For every position in the gene (or a focused region), introduce all possible single-nucleotide substitutions and run the variant effect pipeline:

For each position p in [gene_start, gene_end]:
    ref = FASTA[chrom][p]
    For each alt in {A, C, G, T} - {ref}:
        delta = VariantRunner.run(chrom, p, ref, alt, gene, strand)
        If max(|delta|) > threshold:
            consequence = SpliceEventDetector.analyze(delta)
            Store: (p, ref, alt, delta_scores, consequence, cryptic_positions)

Step 2: Build Splice Vulnerability Map

Aggregate results into a per-position vulnerability score:

vulnerability[p] = max over all alt alleles of max(|delta|)

Positions with high vulnerability are "splice-sensitive" — any mutation there is predicted to disrupt splicing.
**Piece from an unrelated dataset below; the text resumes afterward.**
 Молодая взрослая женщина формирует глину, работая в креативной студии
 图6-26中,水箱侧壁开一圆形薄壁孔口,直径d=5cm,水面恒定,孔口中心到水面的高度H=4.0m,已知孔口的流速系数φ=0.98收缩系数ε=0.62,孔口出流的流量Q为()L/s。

The map reveals:

  • Invariant splice sites (GT/AG): vulnerability ~1.0 (expected)
  • Extended splice motifs (-3 to +6 for donors, -20 to +3 for acceptors): vulnerability 0.3-0.8
  • Exonic splice enhancers/silencers (ESE/ESS): vulnerability 0.1-0.5 (sequence motifs that regulate splice site selection)
  • Deep intronic positions: rare but occasionally high vulnerability (positions that create cryptic exons when mutated)

Step 3: Cross-Validate with SpliceVarDB

SpliceVarDB is a curated database of experimentally validated splice variants classified as "splice-altering" or "non-splice-altering" based on RNA-seq, minigene assays, or clinical evidence.
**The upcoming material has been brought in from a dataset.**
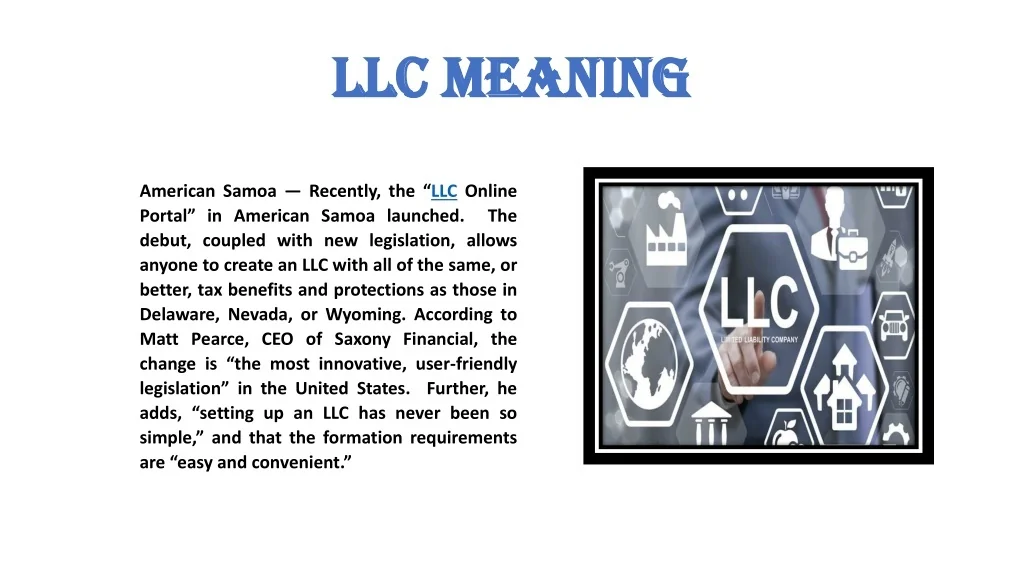 LLC Meaning American Samoa — Recently, the “LLC Online Portal” in American Samoa launched. The debut, coupled with new legislation, allows anyone to create an LLC with all of the same, or better, tax benefits and protections as those in Delaware, Nevada, or Wyoming. According to Matt Pearce, CEO of Saxony Financial, the change is “the most innovative, user-friendly legislation” in the United States. Further, he adds, “setting up an LLC has never been so simple,” and that the formation requirements are “easy and convenient.”

For each variant in SpliceVarDB for this gene:
    Look up our saturation scan prediction at (chrom, pos, ref, alt)
    Compare:
        Our prediction: splice-altering (delta > 0.2)?
        SpliceVarDB:    splice-altering?

    Agreement types:
        True positive:  both say splice-altering
        True negative:  both say non-splice-altering
        False positive: we predict splice-altering, SpliceVarDB says no
        False negative: we miss it, SpliceVarDB says splice-altering

This gives us precision, recall, and AUROC against experimental ground truth — not just at the gene level, but at the per-position level.

Step 4: Validate Cryptic Site Positions with GTEx Junctions

For each position where we predict a cryptic splice site gain:

For each predicted cryptic site (gain event at position X):
    Query GTEx junction parquet for junctions involving position X
    If junction reads found:
        → Biological validation: the cryptic site is used in vivo
        Record: tissue(s), read count, PSI
    If no junction reads:
        → Either our prediction is wrong, or the variant doesn't
          exist in the GTEx cohort (most likely for rare variants)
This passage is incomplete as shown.